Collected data

'''

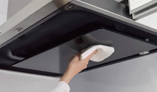 整流板からグリスフィルターまで油汚れに強く、汚れを取り除きやすいホーロー素材を採用。グリスフィルターは食洗機にも対応しお掃除を楽ラクに。
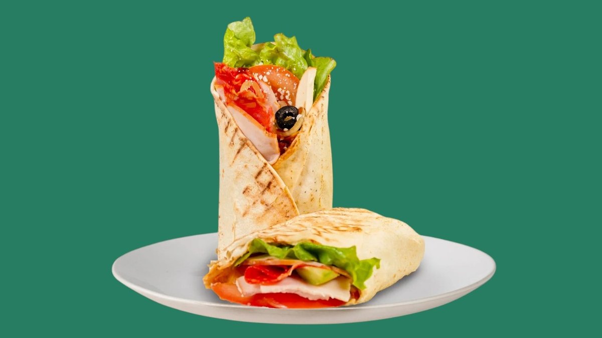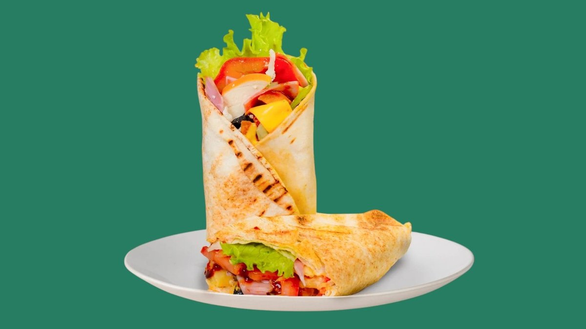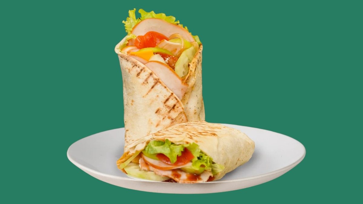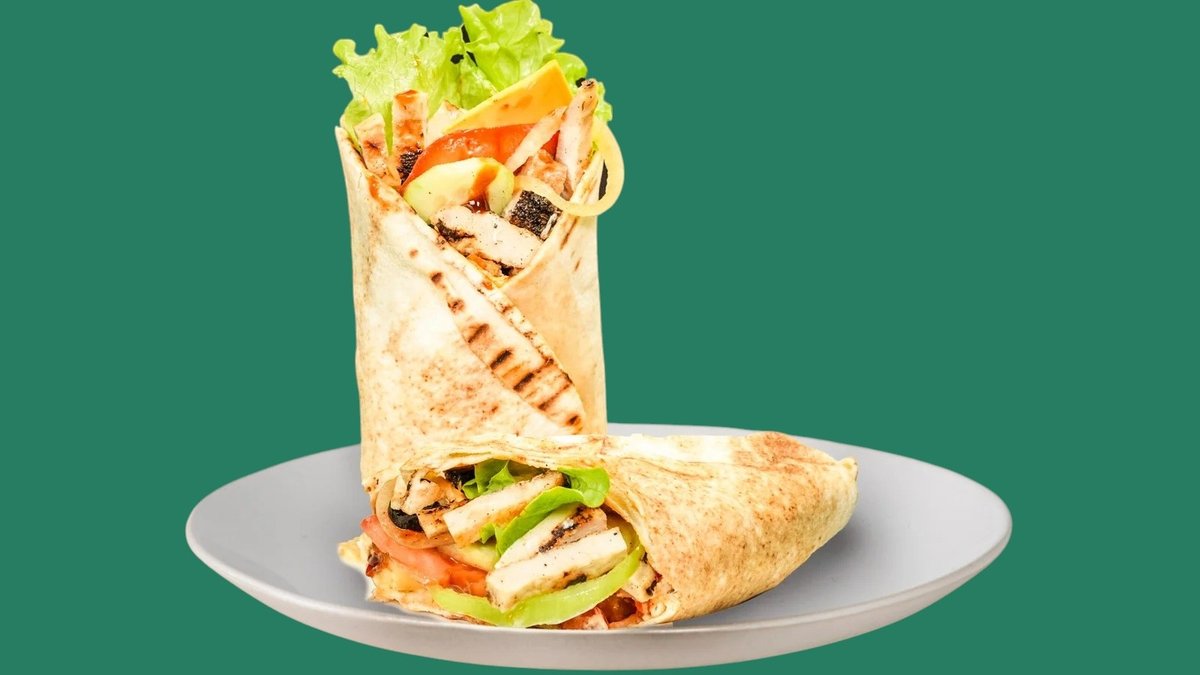 с чоризо, пуешко филе, кашкавал и Чедър сирене, запечена арабска питка, гарни-рана със свежи зеленчуци, сосове по ваш избор и пържени картофи
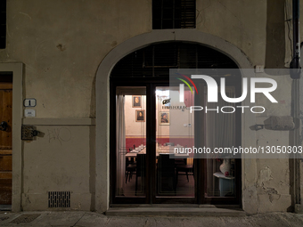Diners sit inside the Finisterrae Restaurant, visible through a historic arched doorway in Florence, Italy, on November 21, 2025. The illuminated scene captures the interior atmosphere of Tuscan dining, reflecting the local business and economic food trade in the evening city life in the Tuscan city of Florence.
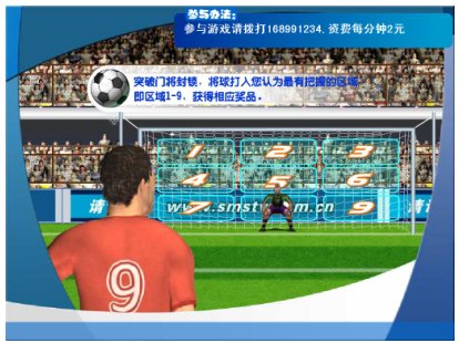 《單挑足球射門(mén)II》是我公司根據(jù)世界杯的一些特點(diǎn)、特色重新開(kāi)發(fā)的一款實(shí)時(shí)游戲。由電視臺(tái)、網(wǎng)站與電信運(yùn)營(yíng)商聯(lián)合經(jīng)營(yíng)的電信增值業(yè)務(wù),由電視臺(tái)提供頻道向電視觀眾播出游戲畫(huà)面(含圖像和聲音),電信運(yùn)營(yíng)商提供電話(huà)線(xiàn)路和短信通道,參與者通過(guò)固定電話(huà)、小靈通和手機(jī)參與游戲,運(yùn)營(yíng)方通過(guò)收取固定電話(huà)、小靈通和手機(jī)的信息費(fèi)實(shí)現(xiàn)盈利。
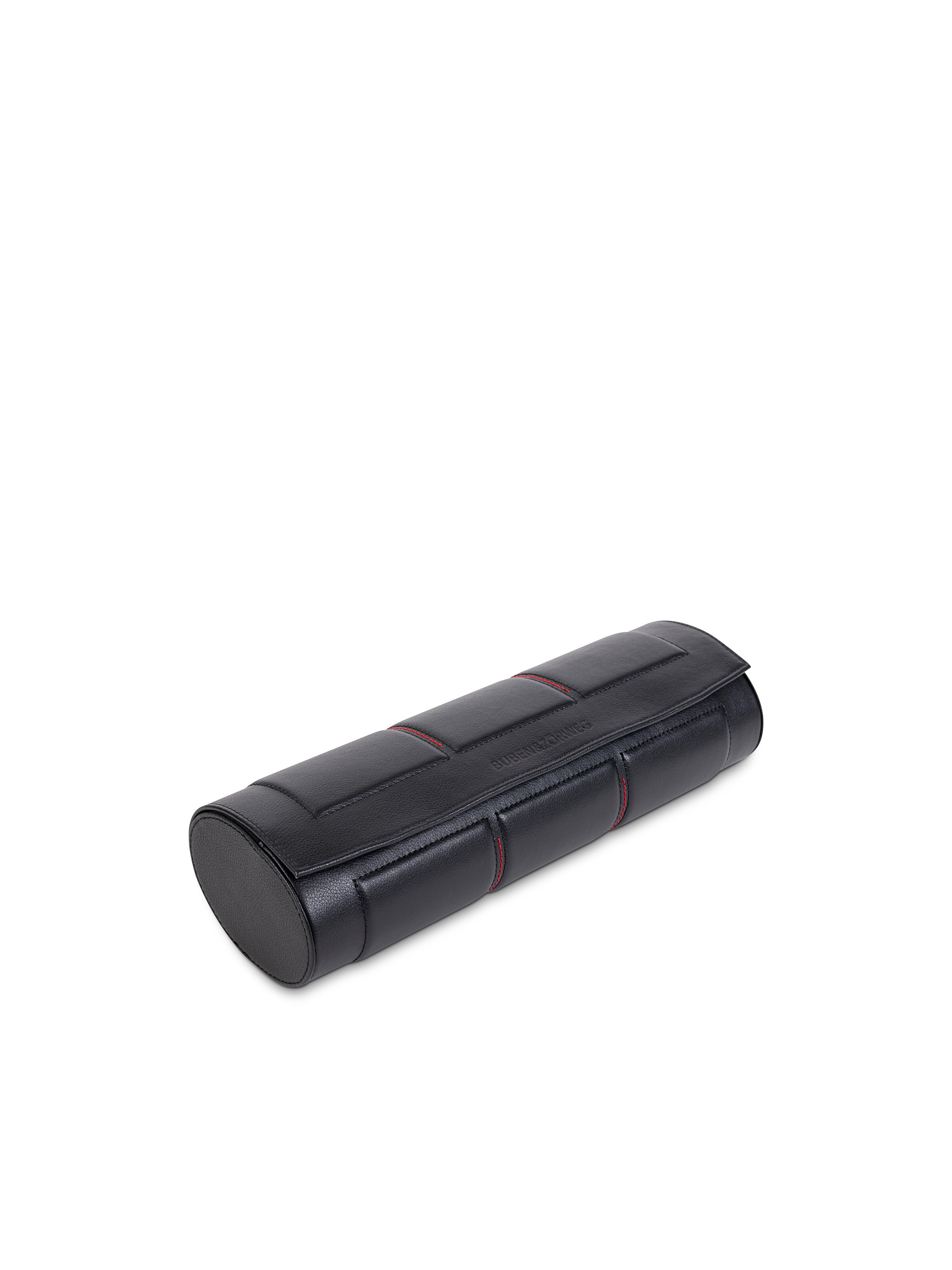 Die handgenähte Uhrenrolle Buben & Zörweg Nitro 3 Leder Schwarz Rot (Ref. Nitro 3 Leder Schwarz Rot 120041003) ist ein unentbehrliches Accessoire für Sammler und Uhrenliebhaber, die sich als Weltenbummler verstehen. Langlebig und gleichzeitig stilvoll bewahrt die Box aus schwarzem Leder und einer Innenausstattung aus feinstem Velours Ihre Uhren vor Staub und Kratzern sicher auf. Rote Ziernähte lockern das elegante Design auf. Das Maß ist mit 26 x 10 x 7,1 Zentimetern kompakt sowie übersichtlich und kann bis zu drei Zeitmesser gleichzeitig aufnehmen. So haben Sie immer und überall die richtige Uhr im Handumdrehen griffbereit.
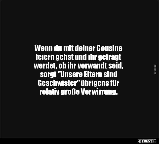 Wenn du mit deiner Cousine feiern gehst und ihr gefragt werdet, ob ihr verwandt seid, sorgt "Unsere Eltern sind Geschwister" übrigens für relativ große Verwirrung.
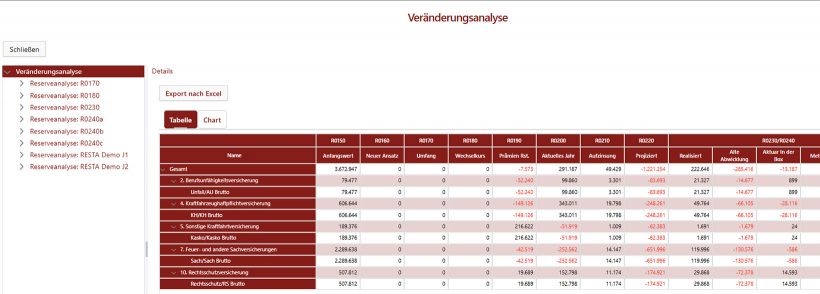 Mit der Solvency II-Umgebung bietet RESTA die Möglichkeit, die Ergebnisse der Reserveanalyse direkt als QRT zu exportieren. In RESTA können Sie außerdem bequem die unter Solvency II erforderliche Veränderungsanalyse erstellen und ebenfalls direkt als QRT exportieren. Aktuell bietet die Solvency II-Umgebung somit Unterstützung für die QRTs:
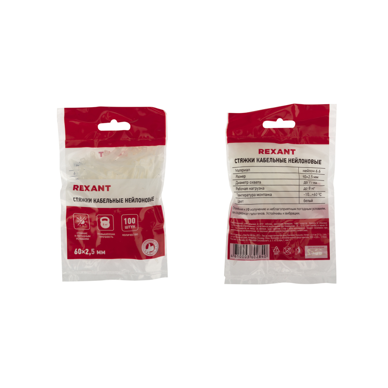 Нейлоновый хомут (кабельная стяжка) REXANT представляет собой белую гибкую полоску из полиамида с замковым механизмом одностороннего действия. Используется для крепления или соединения в жгут проводов, кабелей и любых разновидностей труб. Прочность, эластичность и простота монтажа позволяют использовать их на предприятиях и в быту.
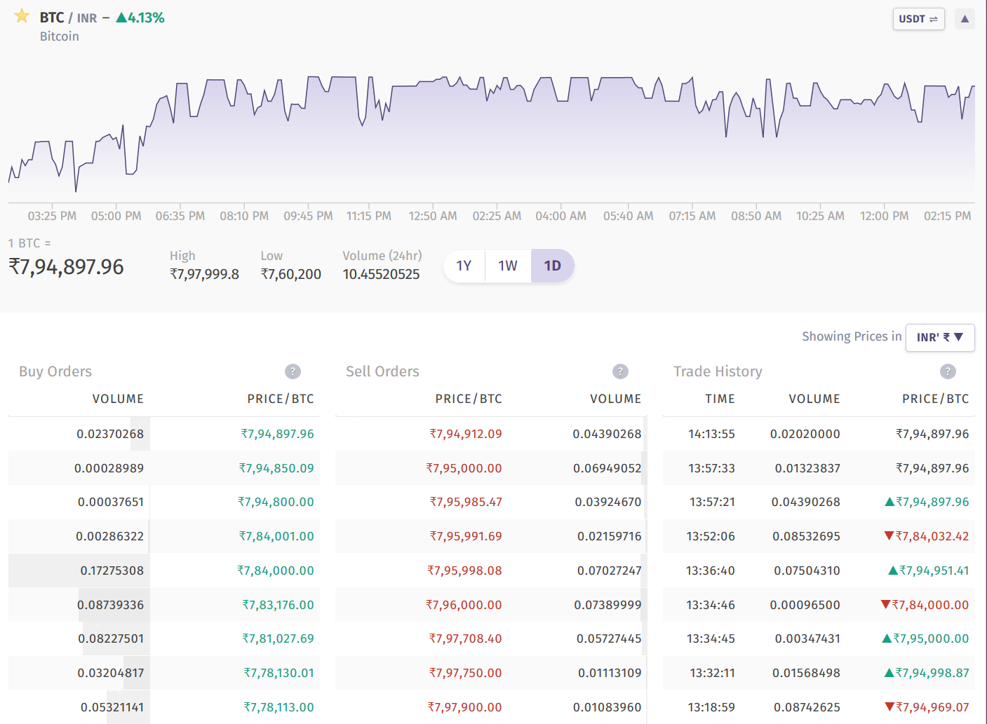 And the price of BTC using INR is ₹7,94,897.96, as you see below. We can only use BTC/INR, if we have deposited INR using the P2P Bank Transfer ( the one I did).
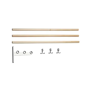 Nostalgi påbyggingsdel sko- eller hattehylle fra Essem Design, designet av Gunnar Bolin, er en tidløs klassiker fra 1937. Hylle kan brukes både som sko- og hattehylle og er laget av resirkulert aluminium og rundstav i tre eller aluminium. Den leveres med kroker og kan bygges ut for å passe dine behov. Maks ti kleshengere anbefales per meter hattehylle. Tilpass etter dine ønsker ved å kappe rundstavene til valgfri lengde.
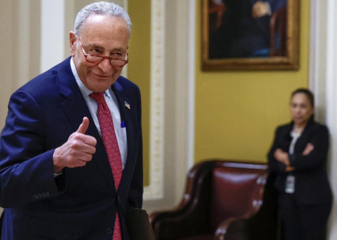 Lãnh đạo Đảng Dân chủ ở Thượng viện Mỹ Chuck Schumer bày tỏ niềm vui sau khi thông qua dự luật lưỡng đảng dỡ bỏ trần nợ tại Đồi Capitol ở Washington hôm 1-6. Ảnh: REUTERS
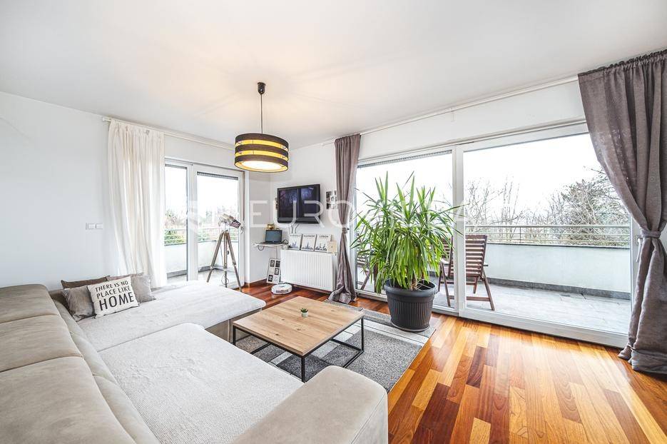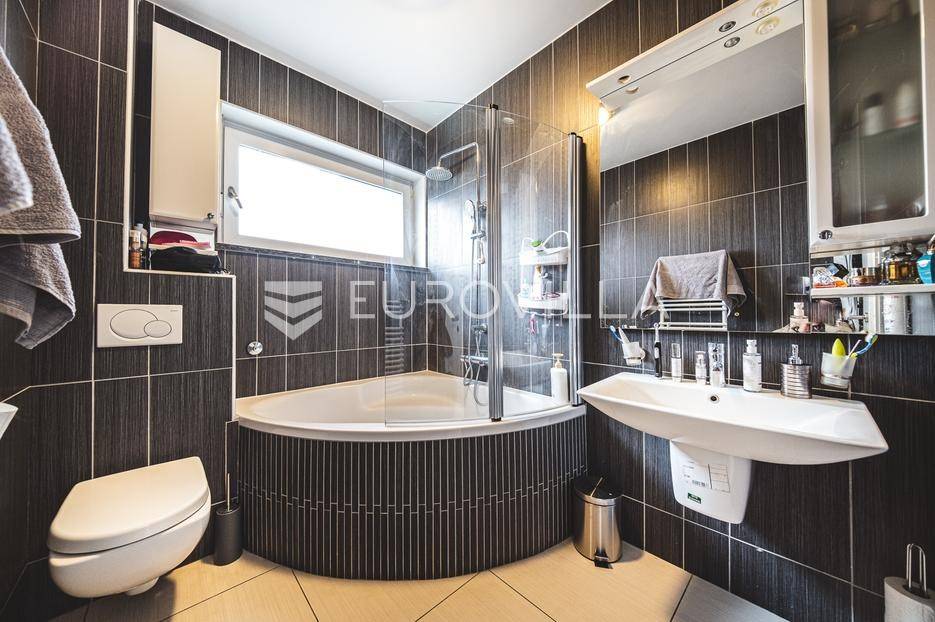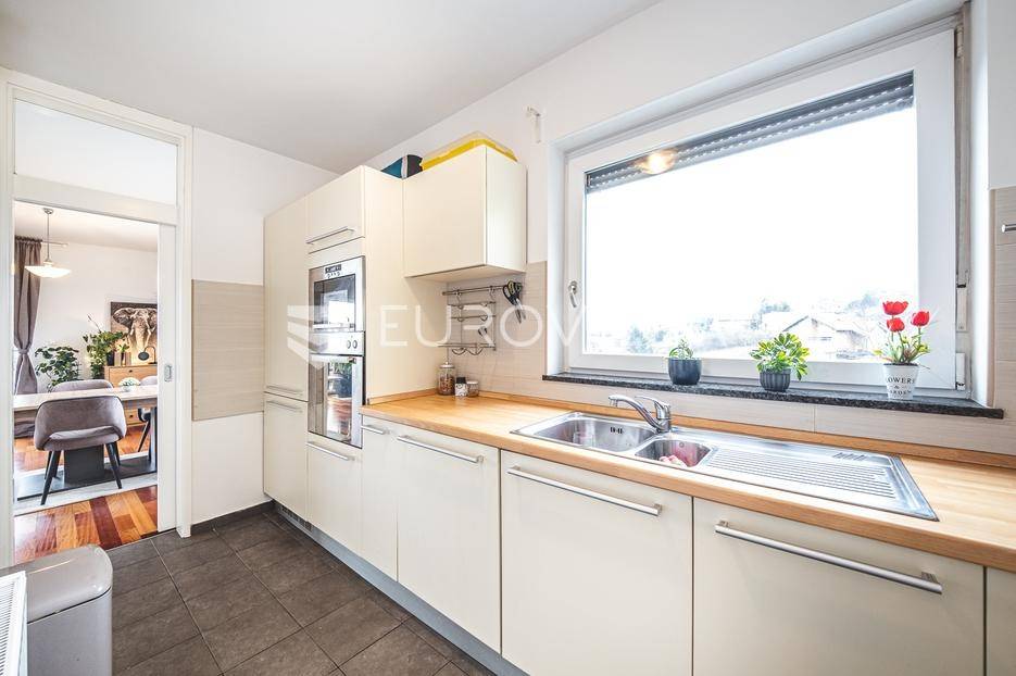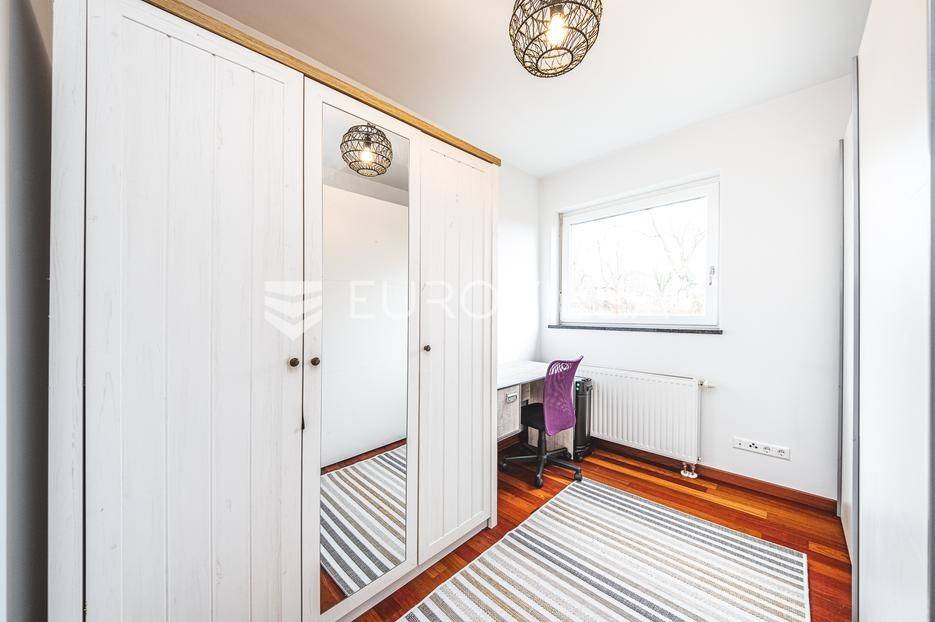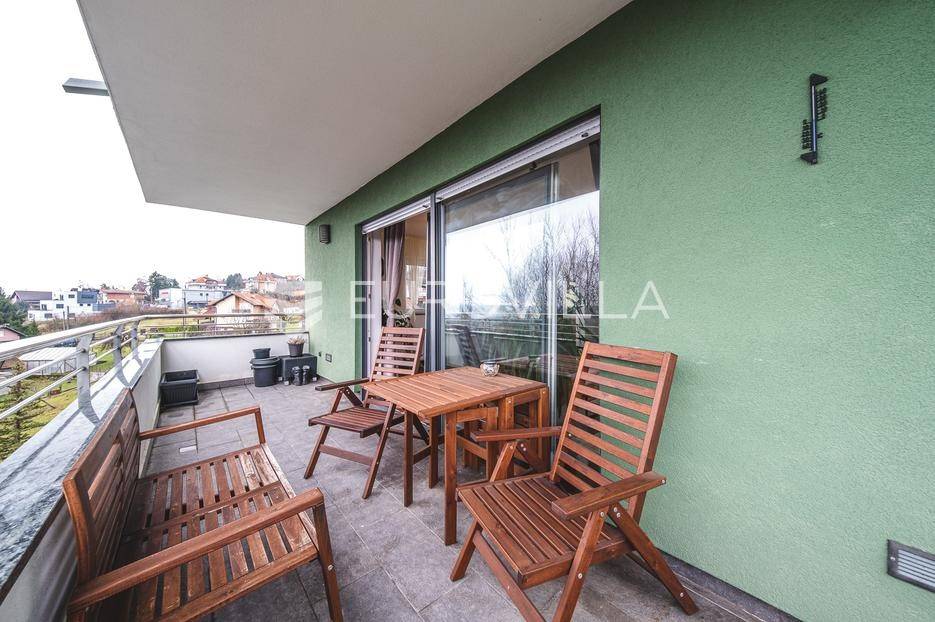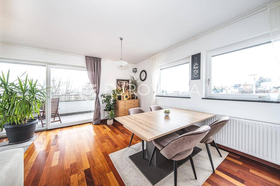 Prodaje se moderan trosoban stan površine 100 m², smješten u luksuznoj i iznimno mirnoj stambenoj zgradi iz 2008. godine s ukupno samo 5 stanova (visoko prizemlje, prvi i drugi kat). Stan se nalazi na prvom katu, u sredini zgrade, što osigurava dodatnu privatnost i ugodnu temperaturu tijekom cijele godine.Sastoji se od ulaznog hodnika, gostinjskog WC-a, kupaonice s podnim grijanjem, dvije spavaće sobe, kuhinje te dnevnog boravka s blagovaonicom. Stan ima dvije prostrane terase koje okružuju stan i dodatno naglašavaju osjećaj otvorenosti i povezanosti s prirodom.Stanu pripadaju garažno parkirno mjesto, vanjsko parkirno mjesto i spremište, a stanarima su na raspolaganju privatna sauna i manja teretana u sklopu zgrade.Stan ima otvoren panoramski pogled na Zagreb, a pretežita orijentacija je jug, uz dodatnu orijentaciju na istok i zapad, što osigurava obilje prirodnog svjetla tijekom cijelog dana. Ispred zgrade nalazi se zaštićeni zeleni pojas bez mogućnosti daljnje gradnje, što jamči trajan mir i pogled.Grijanje u stanu je etažno plinsko a prodaje se u potpunosti namješten.Lokacija je idealna za miran obiteljski život - dječji vrtić i osnovna škola nalaze se na svega nekoliko minuta hoda, kao i javni prijevoz (autobus i vlak), trgovine i ostali sadržaji, uz potpunu odsutnost gradske buke.Ostale informacije na upit.... Više na eurovilla.hr, ID: 762050

'''

What you are asked to do
Using the entries above, repeat exactly the lines from the one with "Nostalgi påbyggingsdel sko- eller" to the one with "Lãnh đạo Đảng", both included, and leave the pictures behind.

Response to this task
 Nostalgi påbyggingsdel sko- eller hattehylle fra Essem Design, designet av Gunnar Bolin, er en tidløs klassiker fra 1937. Hylle kan brukes både som sko- og hattehylle og er laget av resirkulert aluminium og rundstav i tre eller aluminium. Den leveres med kroker og kan bygges ut for å passe dine behov. Maks ti kleshengere anbefales per meter hattehylle. Tilpass etter dine ønsker ved å kappe rundstavene til valgfri lengde.
 Lãnh đạo Đảng Dân chủ ở Thượng viện Mỹ Chuck Schumer bày tỏ niềm vui sau khi thông qua dự luật lưỡng đảng dỡ bỏ trần nợ tại Đồi Capitol ở Washington hôm 1-6. Ảnh: REUTERS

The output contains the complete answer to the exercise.